──────── Records for the exercise ────────
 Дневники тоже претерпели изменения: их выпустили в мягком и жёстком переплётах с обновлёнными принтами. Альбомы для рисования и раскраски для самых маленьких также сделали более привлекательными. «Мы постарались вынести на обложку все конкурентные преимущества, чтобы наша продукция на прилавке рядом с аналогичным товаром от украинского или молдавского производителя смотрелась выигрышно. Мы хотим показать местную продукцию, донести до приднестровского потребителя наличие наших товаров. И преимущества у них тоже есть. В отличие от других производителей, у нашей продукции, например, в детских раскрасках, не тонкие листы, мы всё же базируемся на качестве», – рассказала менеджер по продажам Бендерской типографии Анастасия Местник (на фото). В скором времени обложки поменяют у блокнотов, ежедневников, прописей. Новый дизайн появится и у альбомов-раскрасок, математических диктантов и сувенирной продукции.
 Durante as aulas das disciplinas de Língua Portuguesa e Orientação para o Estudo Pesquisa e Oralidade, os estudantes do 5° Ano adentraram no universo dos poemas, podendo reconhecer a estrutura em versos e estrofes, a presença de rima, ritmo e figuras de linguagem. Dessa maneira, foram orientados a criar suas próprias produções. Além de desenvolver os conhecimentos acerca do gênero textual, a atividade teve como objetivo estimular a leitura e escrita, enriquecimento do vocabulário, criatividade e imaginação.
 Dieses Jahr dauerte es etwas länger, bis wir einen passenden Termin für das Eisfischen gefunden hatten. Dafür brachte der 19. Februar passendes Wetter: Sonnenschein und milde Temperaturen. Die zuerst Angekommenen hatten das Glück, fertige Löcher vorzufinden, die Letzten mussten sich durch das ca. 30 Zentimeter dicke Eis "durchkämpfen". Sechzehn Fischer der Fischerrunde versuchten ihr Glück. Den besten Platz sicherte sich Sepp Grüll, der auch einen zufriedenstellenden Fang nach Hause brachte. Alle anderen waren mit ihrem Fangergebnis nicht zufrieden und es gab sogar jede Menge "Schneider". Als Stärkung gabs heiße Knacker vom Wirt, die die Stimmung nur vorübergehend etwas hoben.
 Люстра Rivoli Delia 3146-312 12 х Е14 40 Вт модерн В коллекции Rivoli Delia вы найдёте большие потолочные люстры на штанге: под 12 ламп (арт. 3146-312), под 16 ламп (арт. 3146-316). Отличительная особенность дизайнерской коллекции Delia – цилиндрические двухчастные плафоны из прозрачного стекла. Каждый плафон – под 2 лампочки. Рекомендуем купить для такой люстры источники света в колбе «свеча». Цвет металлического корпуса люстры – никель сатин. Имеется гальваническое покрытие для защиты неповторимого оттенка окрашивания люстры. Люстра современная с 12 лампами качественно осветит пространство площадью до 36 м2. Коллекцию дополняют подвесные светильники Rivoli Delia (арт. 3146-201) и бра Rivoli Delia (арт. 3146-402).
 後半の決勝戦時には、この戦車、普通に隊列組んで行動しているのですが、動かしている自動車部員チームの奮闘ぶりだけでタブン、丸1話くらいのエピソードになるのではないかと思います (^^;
────────
──────── Records for the exercise ────────
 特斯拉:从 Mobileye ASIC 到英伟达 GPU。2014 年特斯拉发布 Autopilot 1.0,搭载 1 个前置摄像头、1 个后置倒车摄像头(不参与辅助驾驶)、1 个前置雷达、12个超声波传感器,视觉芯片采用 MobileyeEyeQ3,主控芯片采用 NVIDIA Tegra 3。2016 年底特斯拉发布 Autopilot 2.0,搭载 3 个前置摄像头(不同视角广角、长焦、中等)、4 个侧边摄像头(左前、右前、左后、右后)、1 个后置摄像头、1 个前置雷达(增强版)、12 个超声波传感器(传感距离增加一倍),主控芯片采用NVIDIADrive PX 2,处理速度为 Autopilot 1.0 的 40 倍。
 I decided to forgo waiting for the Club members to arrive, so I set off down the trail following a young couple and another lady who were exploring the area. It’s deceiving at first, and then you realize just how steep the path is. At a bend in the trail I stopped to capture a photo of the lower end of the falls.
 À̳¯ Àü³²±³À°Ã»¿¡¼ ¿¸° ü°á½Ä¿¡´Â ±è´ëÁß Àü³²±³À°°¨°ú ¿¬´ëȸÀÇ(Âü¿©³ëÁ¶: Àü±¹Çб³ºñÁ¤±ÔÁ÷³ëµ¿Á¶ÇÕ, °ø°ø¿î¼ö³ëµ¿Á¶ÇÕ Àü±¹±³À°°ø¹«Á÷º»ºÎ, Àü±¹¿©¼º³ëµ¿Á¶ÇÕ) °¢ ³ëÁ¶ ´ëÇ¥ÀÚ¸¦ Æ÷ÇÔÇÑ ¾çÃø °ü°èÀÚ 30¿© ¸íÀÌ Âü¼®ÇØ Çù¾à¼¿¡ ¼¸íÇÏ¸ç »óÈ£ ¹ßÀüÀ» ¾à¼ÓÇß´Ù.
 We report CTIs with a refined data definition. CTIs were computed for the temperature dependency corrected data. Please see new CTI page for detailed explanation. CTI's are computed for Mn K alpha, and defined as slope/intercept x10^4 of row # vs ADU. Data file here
────────
──────── Records for the exercise ────────
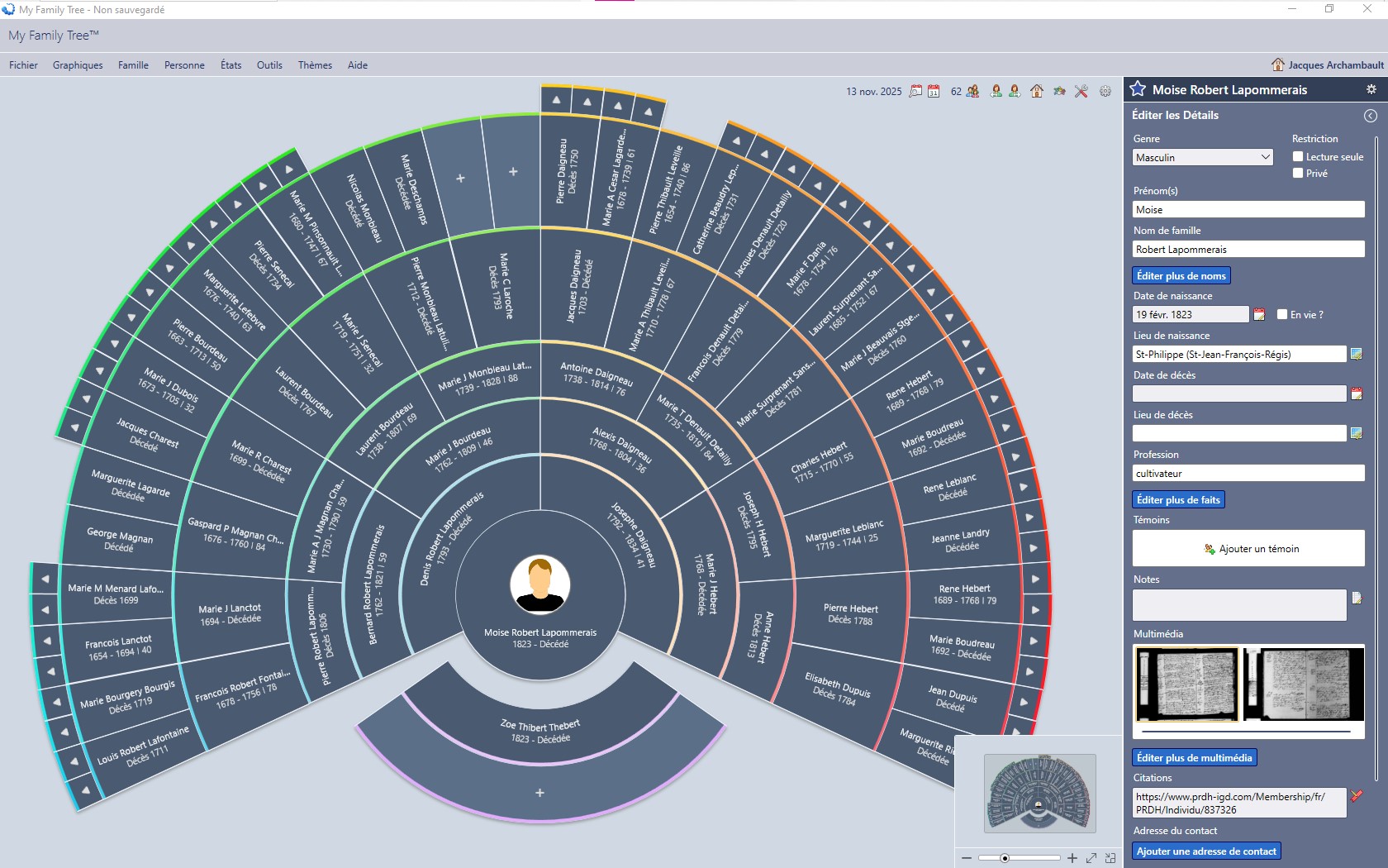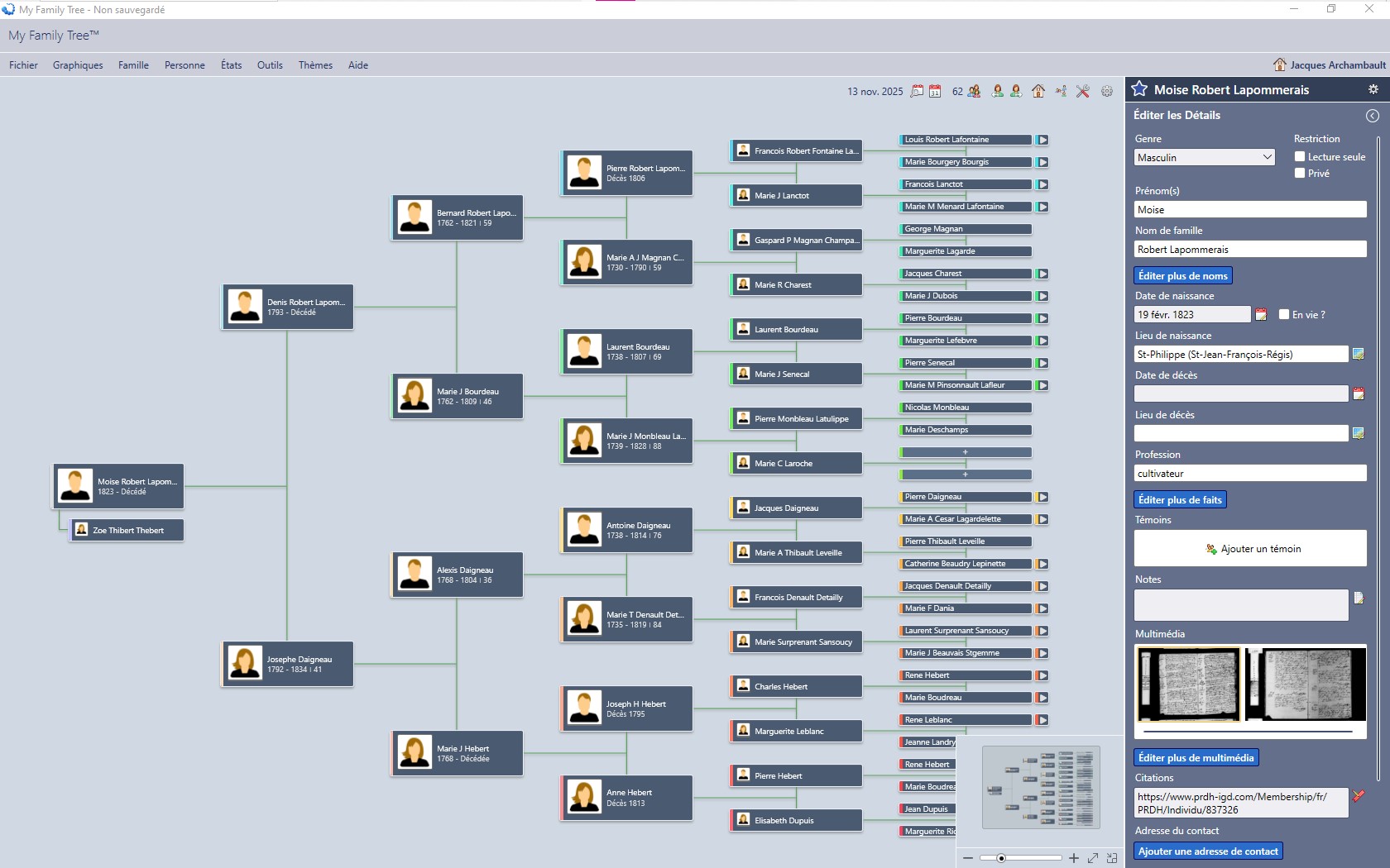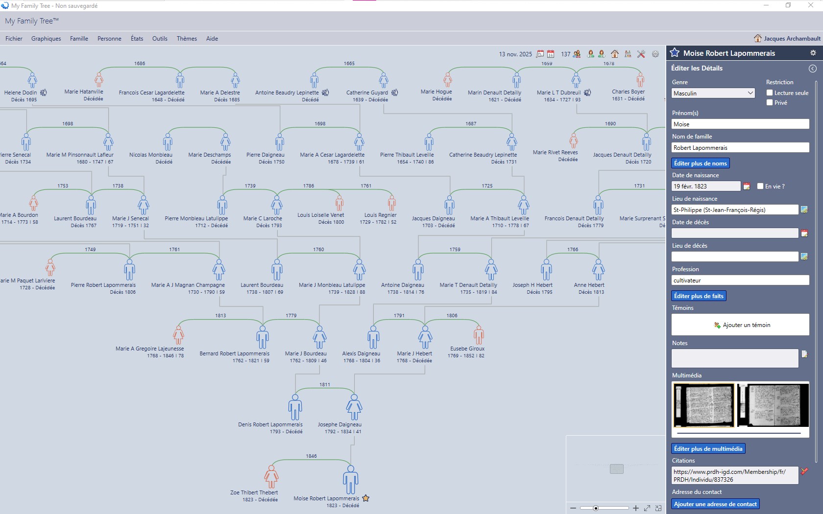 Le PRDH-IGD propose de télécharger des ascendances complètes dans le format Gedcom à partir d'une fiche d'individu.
────────
→ What you have to do
In the entries above, find the line holding "Durante as aulas" and the line holding "後半の決勝戦時には、この戦車"; print both of them and every line between, exactly, and nothing else.

→ Output below
 Durante as aulas das disciplinas de Língua Portuguesa e Orientação para o Estudo Pesquisa e Oralidade, os estudantes do 5° Ano adentraram no universo dos poemas, podendo reconhecer a estrutura em versos e estrofes, a presença de rima, ritmo e figuras de linguagem. Dessa maneira, foram orientados a criar suas próprias produções. Além de desenvolver os conhecimentos acerca do gênero textual, a atividade teve como objetivo estimular a leitura e escrita, enriquecimento do vocabulário, criatividade e imaginação.
 Dieses Jahr dauerte es etwas länger, bis wir einen passenden Termin für das Eisfischen gefunden hatten. Dafür brachte der 19. Februar passendes Wetter: Sonnenschein und milde Temperaturen. Die zuerst Angekommenen hatten das Glück, fertige Löcher vorzufinden, die Letzten mussten sich durch das ca. 30 Zentimeter dicke Eis "durchkämpfen". Sechzehn Fischer der Fischerrunde versuchten ihr Glück. Den besten Platz sicherte sich Sepp Grüll, der auch einen zufriedenstellenden Fang nach Hause brachte. Alle anderen waren mit ihrem Fangergebnis nicht zufrieden und es gab sogar jede Menge "Schneider". Als Stärkung gabs heiße Knacker vom Wirt, die die Stimmung nur vorübergehend etwas hoben.
 Люстра Rivoli Delia 3146-312 12 х Е14 40 Вт модерн В коллекции Rivoli Delia вы найдёте большие потолочные люстры на штанге: под 12 ламп (арт. 3146-312), под 16 ламп (арт. 3146-316). Отличительная особенность дизайнерской коллекции Delia – цилиндрические двухчастные плафоны из прозрачного стекла. Каждый плафон – под 2 лампочки. Рекомендуем купить для такой люстры источники света в колбе «свеча». Цвет металлического корпуса люстры – никель сатин. Имеется гальваническое покрытие для защиты неповторимого оттенка окрашивания люстры. Люстра современная с 12 лампами качественно осветит пространство площадью до 36 м2. Коллекцию дополняют подвесные светильники Rivoli Delia (арт. 3146-201) и бра Rivoli Delia (арт. 3146-402).
 後半の決勝戦時には、この戦車、普通に隊列組んで行動しているのですが、動かしている自動車部員チームの奮闘ぶりだけでタブン、丸1話くらいのエピソードになるのではないかと思います (^^;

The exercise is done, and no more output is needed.